Imbalanced learning is a challenged task in machine learning. In this context, the data associated with one class are far fewer than those associated with the other class. Traditional machine learning methods seeking classification accuracy over a full range of instances are not suitable to deal with this problem, since they tend to classify all the data into a majority class, usually the less important class. In this correspondence, the authors describe a new approach named the biased minimax probability machine (BMPM) to deal with the problem of imbalanced learning. This BMPM model is demonstrated to provide an elegant and systematic way for imbalanced learning. More specifically, by controlling the accuracy of the majority class under all possible choices of class-conditional densities with a given mean and covariance matrix, this model can quantitatively and systematically incorporate a bias for the minority class. By establishing an explicit connection between the classification accuracy and the bias, this approach distinguishes itself from the many current imbalanced-learning methods; these methods often impose a certain bias on the minority data by adapting intermediate factors via the trial-and-error procedure. The authors detail the theoretical foundation, prove its solvability, propose an efficient optimization algorithm, and perform a series of experiments to evaluate the novel model. The comparison with other competitive methods demonstrates the effectiveness of this new model.

Maximizing sensitivity in medical diagnosis using biased minimax probability machine.

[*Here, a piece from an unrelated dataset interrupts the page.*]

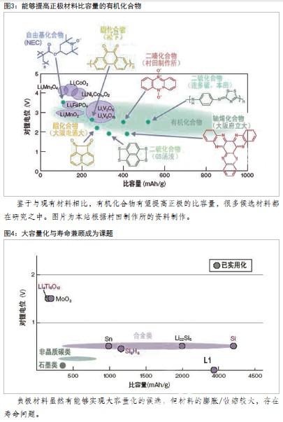 有機(jī)充電電池的正極材料使用有機(jī)化合物(圖3)。反應(yīng)機(jī)理與普通的鋰離子充電電池相同。有機(jī)充電電池的特點(diǎn)是不僅理論容量最大可接近1000mAh/g,而且不使用重金屬,重量較輕,資源限制也比較小。

The challenging task of medical diagnosis based on machine learning techniques requires an inherent bias, i.e., the diagnosis should favor the "ill" class over the "healthy" class, since misdiagnosing a patient as a healthy person may delay the therapy and aggravate the illness. Therefore, the objective in this task is not to improve the overall accuracy of the classification, but to focus on improving the sensitivity (the accuracy of the "ill" class) while maintaining an acceptable specificity (the accuracy of the "healthy" class). Some current methods adopt roundabout ways to impose a certain bias toward the important class, i.e., they try to utilize some intermediate factors to influence the classification. However, it remains uncertain whether these methods can improve the classification performance systematically. In this paper, by engaging a novel learning tool, the biased minimax probability machine (BMPM), we deal with the issue in a more elegant way and directly achieve the objective of appropriate medical diagnosis. More specifically, the BMPM directly controls the worst case accuracies to incorporate a bias toward the "ill" class. Moreover, in a distribution-free way, the BMPM derives the decision rule in such a way as to maximize the worst case sensitivity while maintaining an acceptable worst case specificity. By directly controlling the accuracies, the BMPM provides a more rigorous way to handle medical diagnosis; by deriving a distribution-free decision rule, the BMPM distinguishes itself from a large family of classifiers, namely, the generative classifiers, where an assumption on the data distribution is necessary. We evaluate the performance of the model and compare it with three traditional classifiers: the k-nearest neighbor, the naive Bayesian, and the C4.5. The test results on two medical datasets, the breast-cancer dataset and the heart disease dataset, show that the BMPM outperforms the other three models.